[[ Source data open ]]

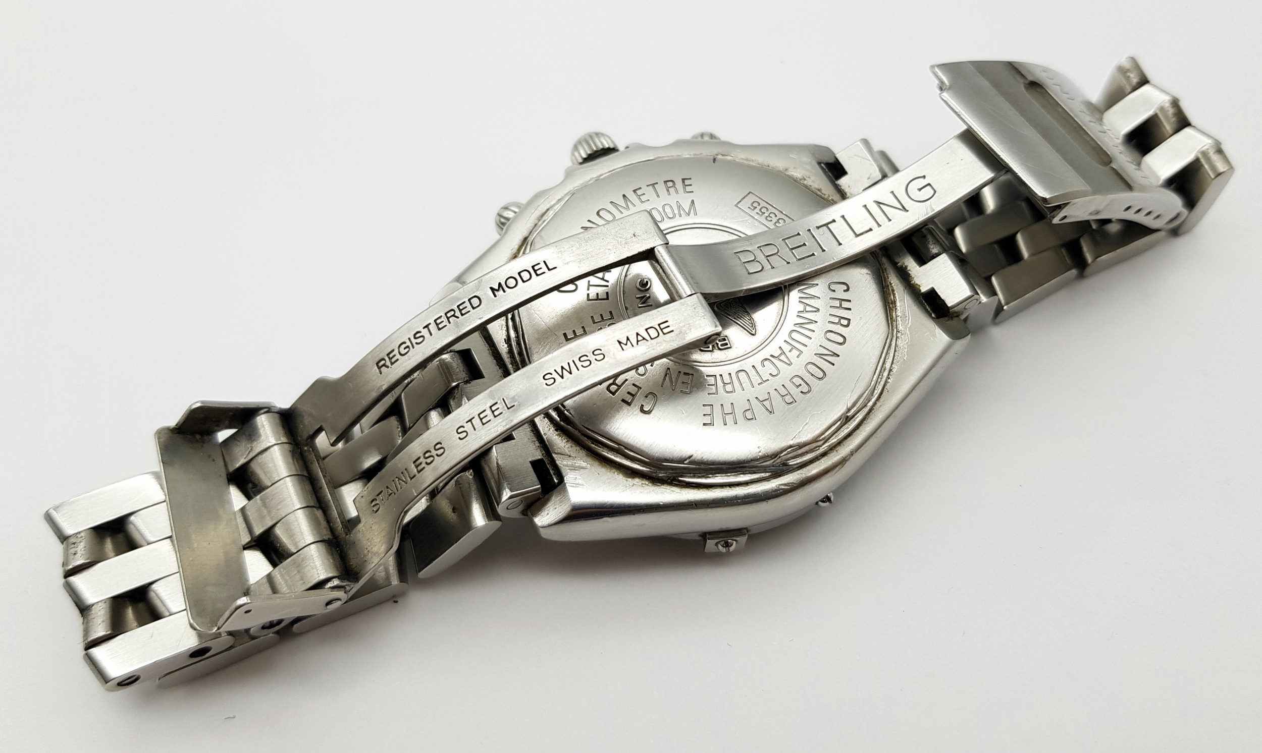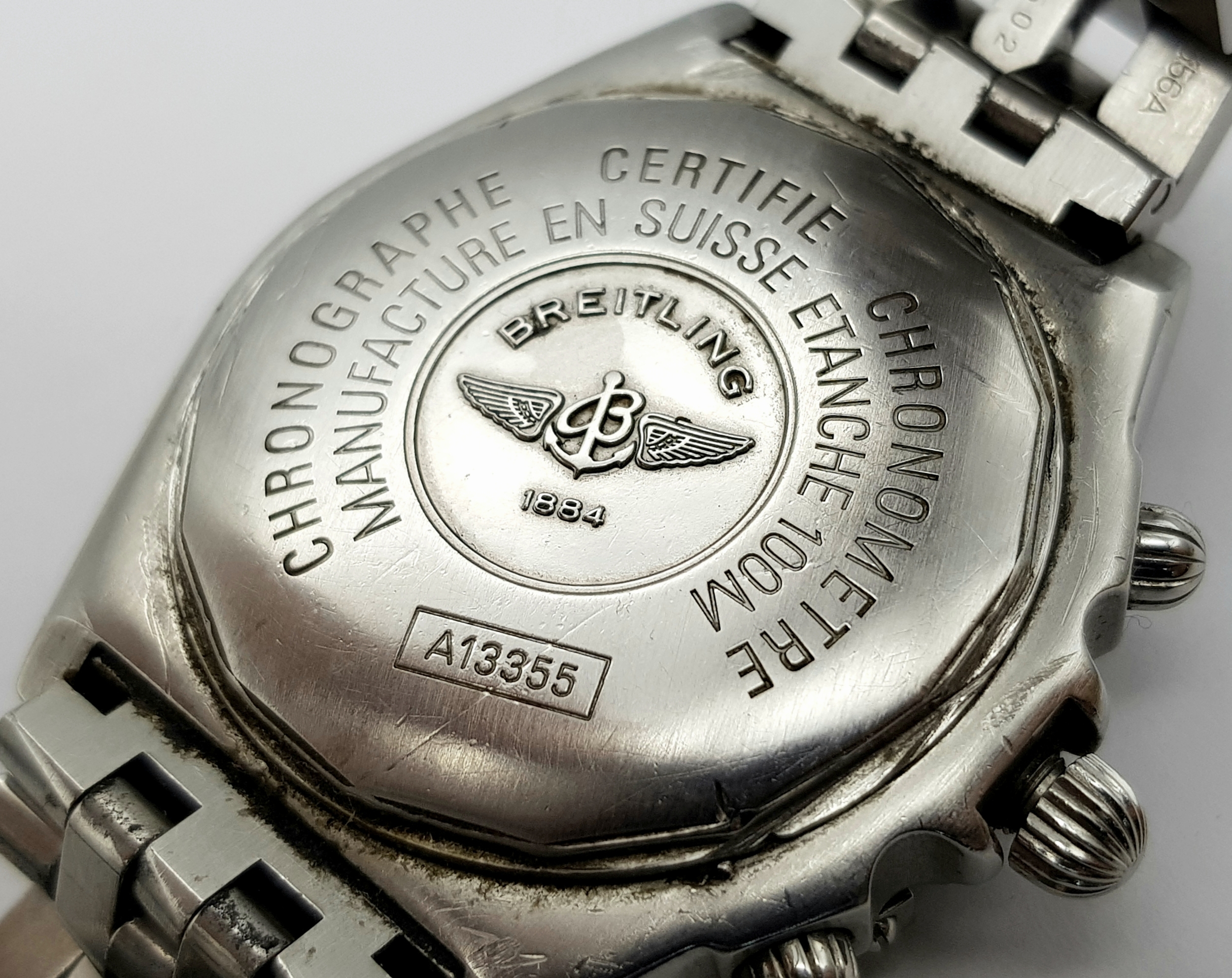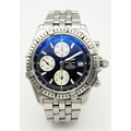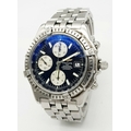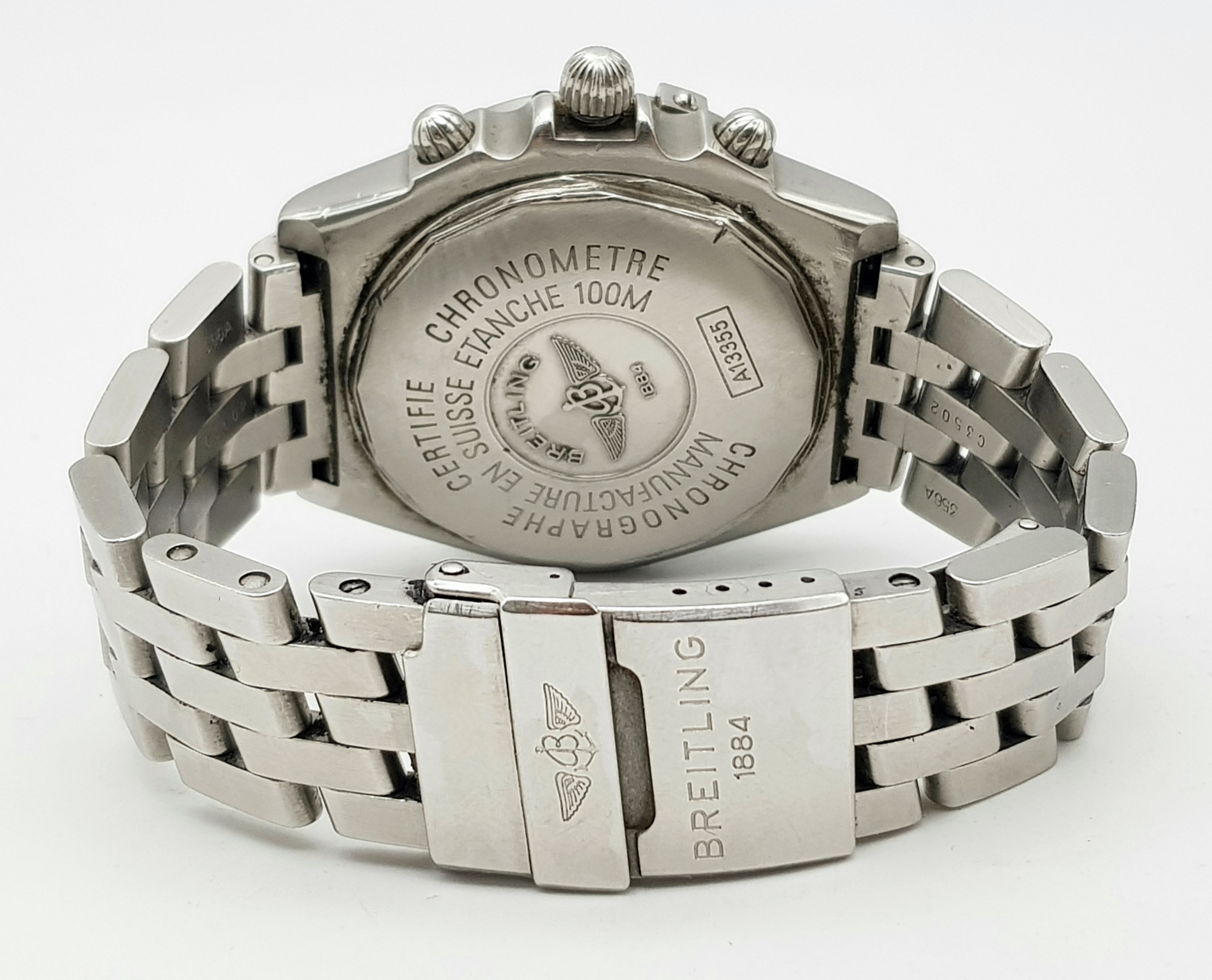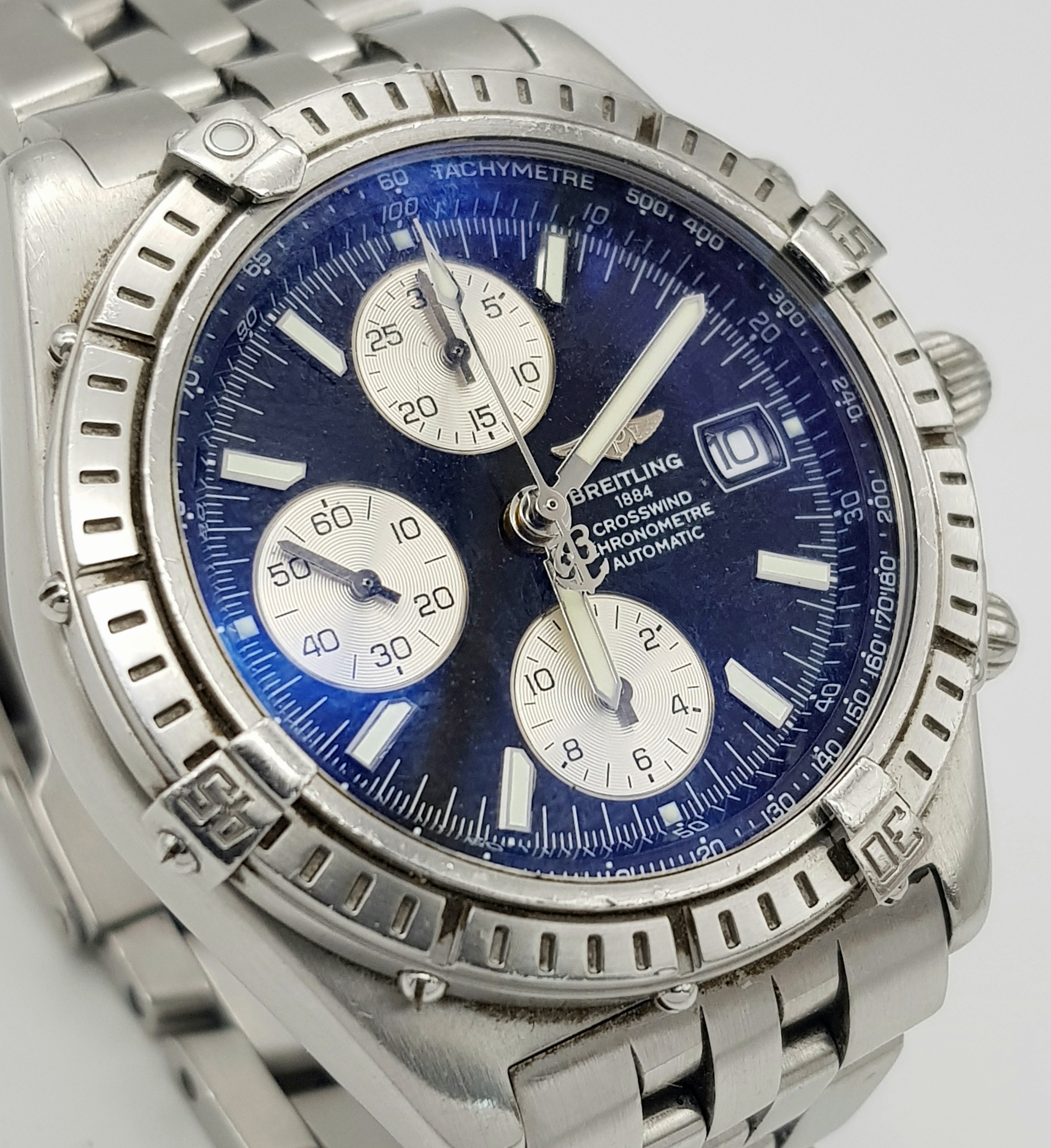 A BREITLING 1884 CROSSWIND CHRONOMETRE AUTOMATIC GENTS WATCH. MODEL A13355. STAINLESS STEEL BRACELET AND CASE - 44MM. BLACK DIAL WITH THREE SUB DIALS. IN FULL WORKING ORDER. PN-8054
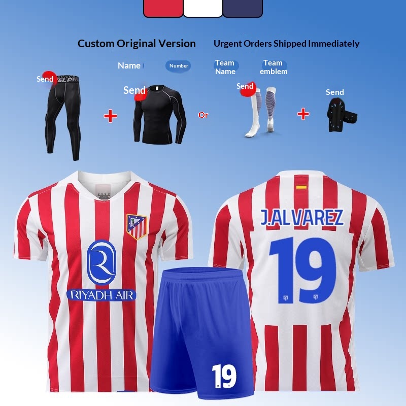 Atletico Madrid 2526 Home Kit #19 Alvarez Jersey Set
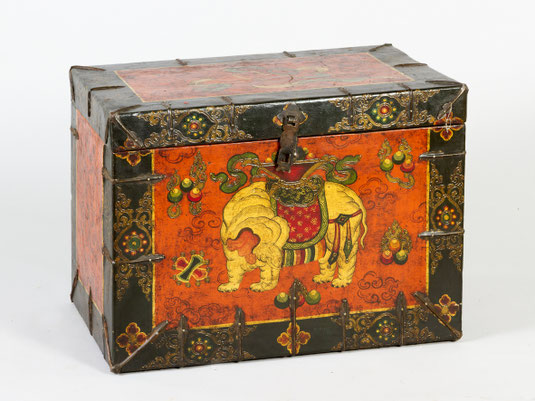 Stabiler Zypressenholzkorpus mit Stoff überfangen und mit polychromer Bemalung, Front mit weißem Elefant, der auf dem Rücken eine Schale mit den Kostbaren Juwelen trägt, auf rotem Grund, Deckel und Seiten mit Ornamenten, Kantenschutz aus Schmiedeeisen, verzierter, beweglicher Verschlussbügel.
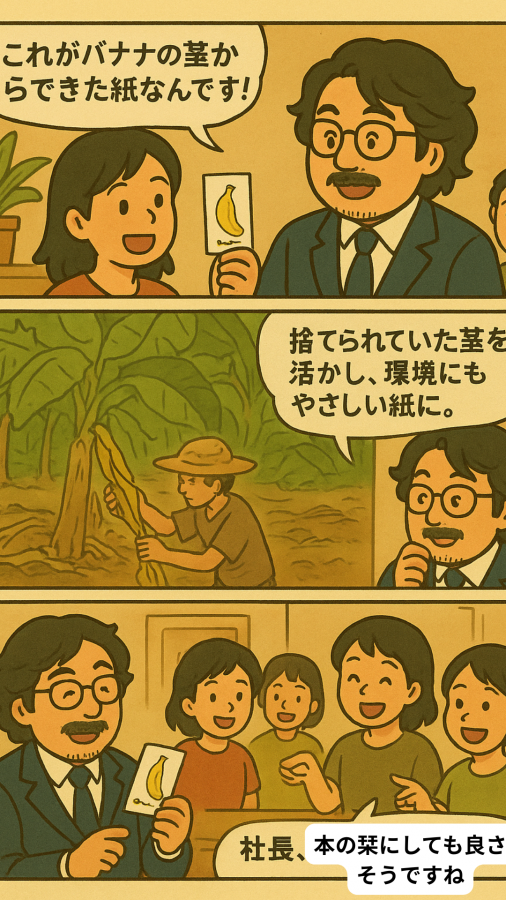そのバナナ愛は棄てられる運命のバナナの茎にも向けられ、「何か役にたてられないものか」ということで紙づくりに乗り出し、完成したのが100%バナナペーパーのバナナフルです。
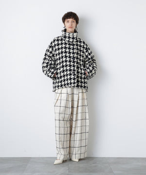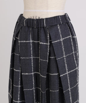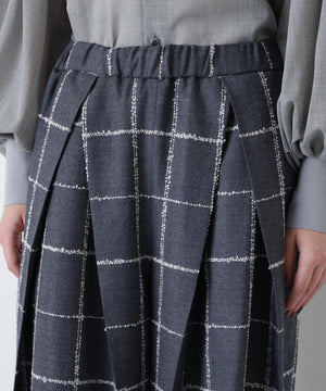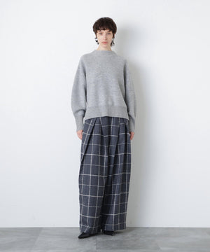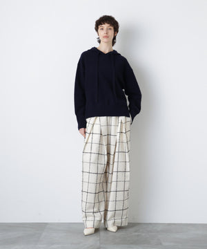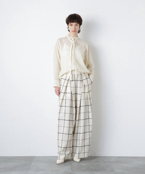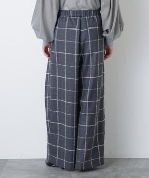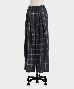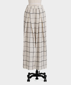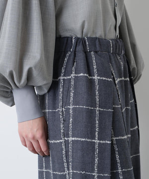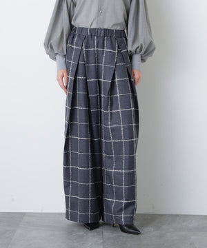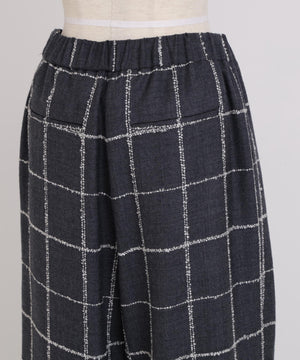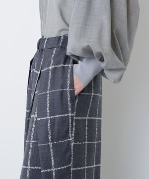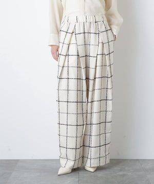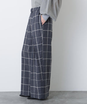 上質な素材感が際立つウールチェックのウエストイージーパンツ。タックを施し、もも周りには程よく分量を持たせ、裾に向かってテーパードしたリラックス感のあるシルエットが特徴です。サキソニーにブークレの糸を使用したウインドーペーンチェックが、さりげなく表情を添え、シンプルなトップスと合わせるだけでスタイリングを引き立てます。ウエストはイージー仕様で快適な着心地を実現し、きちんと感とリラクシーさを兼ね備えた、日常からお出かけまで幅広く活躍する一着です。

[[ Source data closed ]]

▸ Your assignment:
In the material above, retype exactly the lines that run from the one containing "Atletico Madrid 2526" through the last line, and keep out the pictures.

▸ Response to the exercise:
 Atletico Madrid 2526 Home Kit #19 Alvarez Jersey Set
 Stabiler Zypressenholzkorpus mit Stoff überfangen und mit polychromer Bemalung, Front mit weißem Elefant, der auf dem Rücken eine Schale mit den Kostbaren Juwelen trägt, auf rotem Grund, Deckel und Seiten mit Ornamenten, Kantenschutz aus Schmiedeeisen, verzierter, beweglicher Verschlussbügel.
そのバナナ愛は棄てられる運命のバナナの茎にも向けられ、「何か役にたてられないものか」ということで紙づくりに乗り出し、完成したのが100%バナナペーパーのバナナフルです。
 上質な素材感が際立つウールチェックのウエストイージーパンツ。タックを施し、もも周りには程よく分量を持たせ、裾に向かってテーパードしたリラックス感のあるシルエットが特徴です。サキソニーにブークレの糸を使用したウインドーペーンチェックが、さりげなく表情を添え、シンプルなトップスと合わせるだけでスタイリングを引き立てます。ウエストはイージー仕様で快適な着心地を実現し、きちんと感とリラクシーさを兼ね備えた、日常からお出かけまで幅広く活躍する一着です。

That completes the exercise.